**Task description:** When you write out the listing below, keep each word exactly as it stands and drop the pictures.

**Input data:**
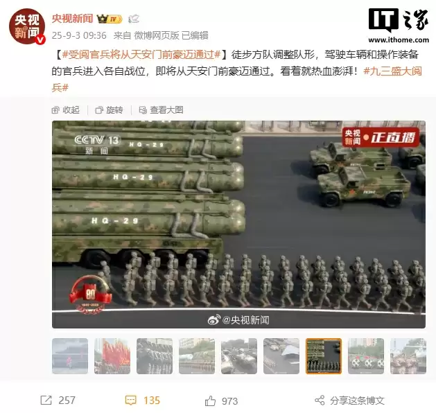 9 月 3 日消息,今天是中国人民抗日战争胜利纪念日,纪念中国人民抗日战争暨世界反法西斯战争胜利 80 周年大会将在首都天安门广场隆重举行。军事航天部队方队、网络空间部队方队、信息支援部队方队,依
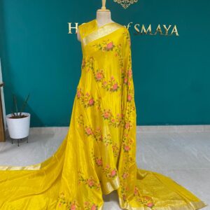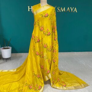 Sunshine Yellow Floral Silk Saree with Golden Zari Border
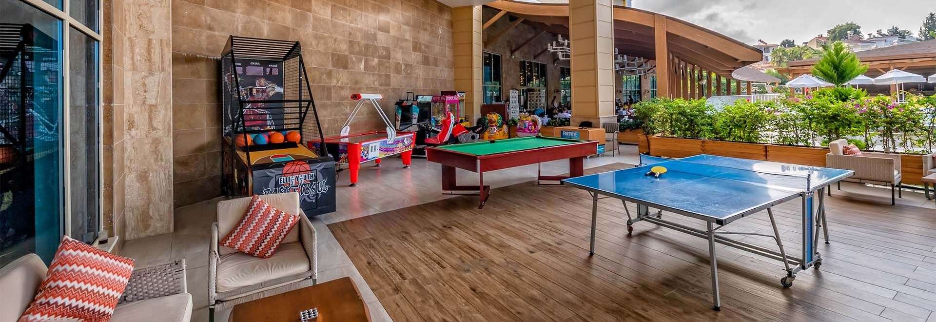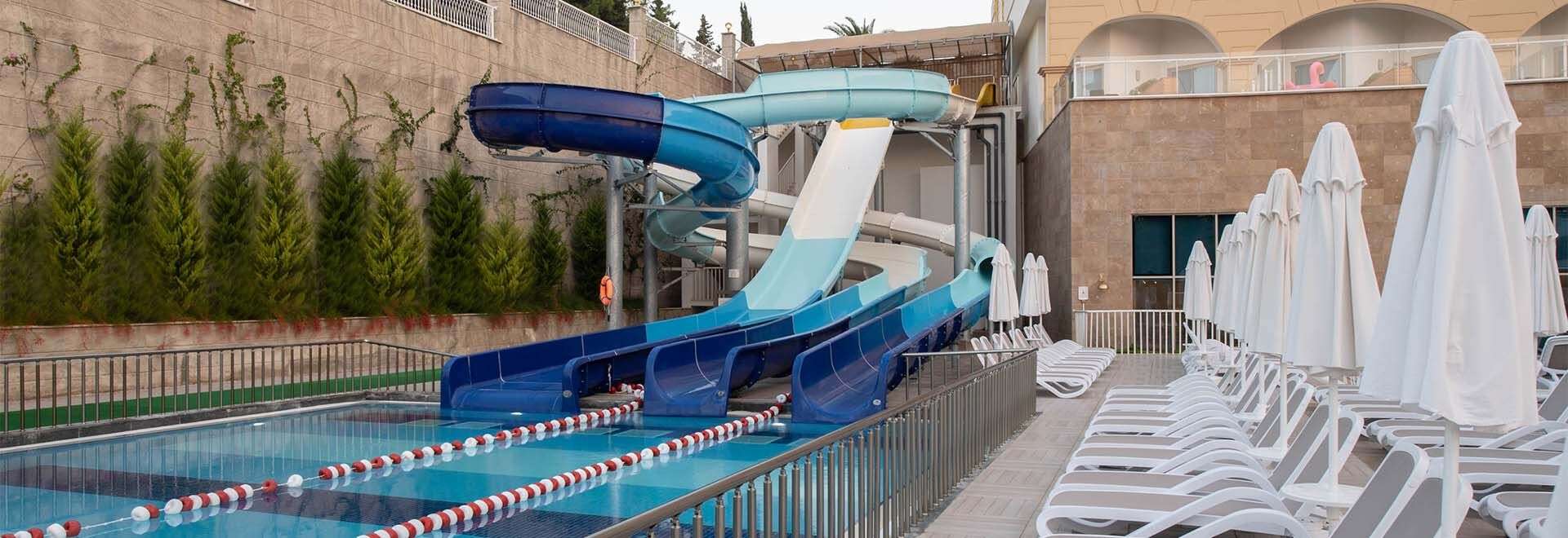 • Felnőtt és gyermekmedence napozóágyakkal és napernyőkkel, medence 3 csúszdával, belső felnőtt és gyerekmedence, nappali és esti animációs programok, zenés -táncos showműsorok, élőzene, gyerekklub (4-12 éveseknek), játszótér, Playstation szoba, mini disco, török fürdő, szauna, fitneszterem, vízilabda, vízitorna, boccia, darts, asztalitenisz, teniszpálya és teniszfelszerelés, reformer pilates, strandröplabda, kosárlabda.
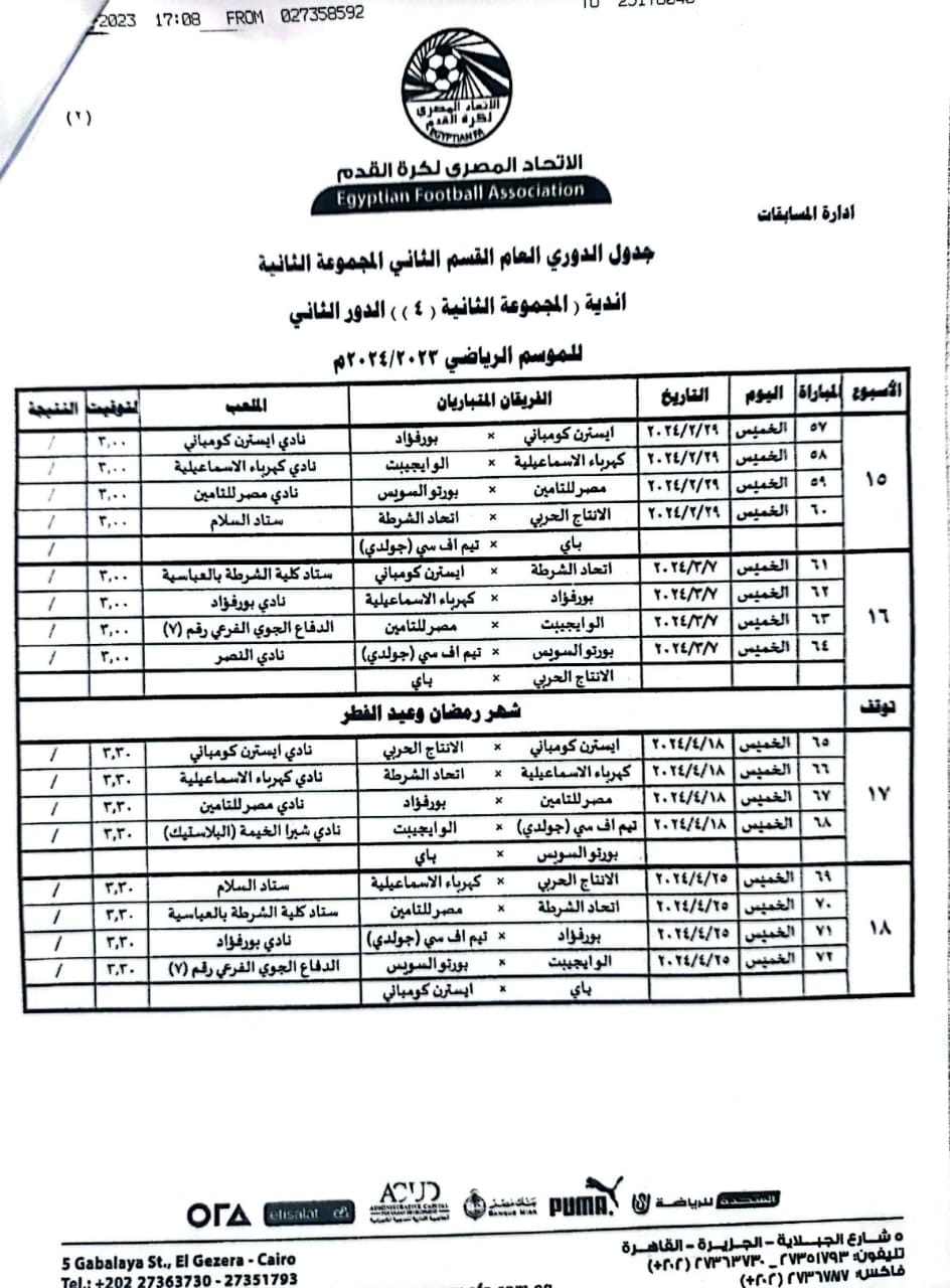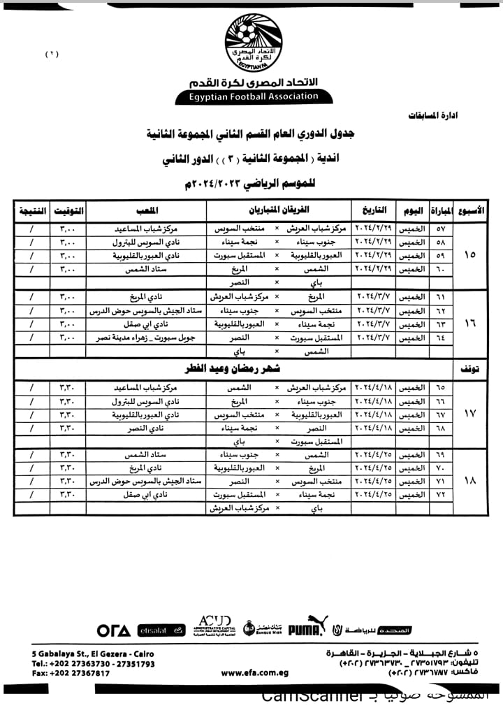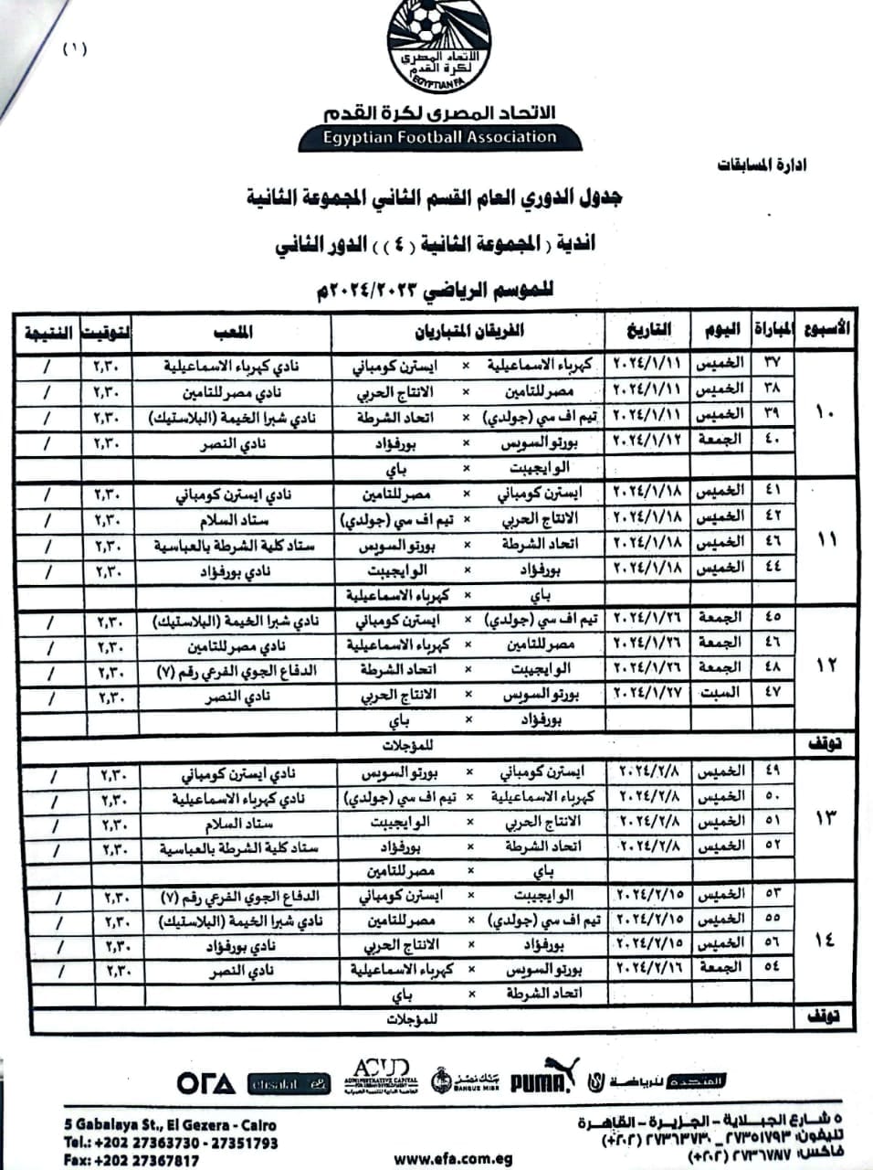جدول مباريات الدور الثاني بدوري القسم الثاني مجموعتي القاهرة والقناة

**Reply:**
 9 月 3 日消息,今天是中国人民抗日战争胜利纪念日,纪念中国人民抗日战争暨世界反法西斯战争胜利 80 周年大会将在首都天安门广场隆重举行。军事航天部队方队、网络空间部队方队、信息支援部队方队,依
 Sunshine Yellow Floral Silk Saree with Golden Zari Border
 • Felnőtt és gyermekmedence napozóágyakkal és napernyőkkel, medence 3 csúszdával, belső felnőtt és gyerekmedence, nappali és esti animációs programok, zenés -táncos showműsorok, élőzene, gyerekklub (4-12 éveseknek), játszótér, Playstation szoba, mini disco, török fürdő, szauna, fitneszterem, vízilabda, vízitorna, boccia, darts, asztalitenisz, teniszpálya és teniszfelszerelés, reformer pilates, strandröplabda, kosárlabda.
جدول مباريات الدور الثاني بدوري القسم الثاني مجموعتي القاهرة والقناة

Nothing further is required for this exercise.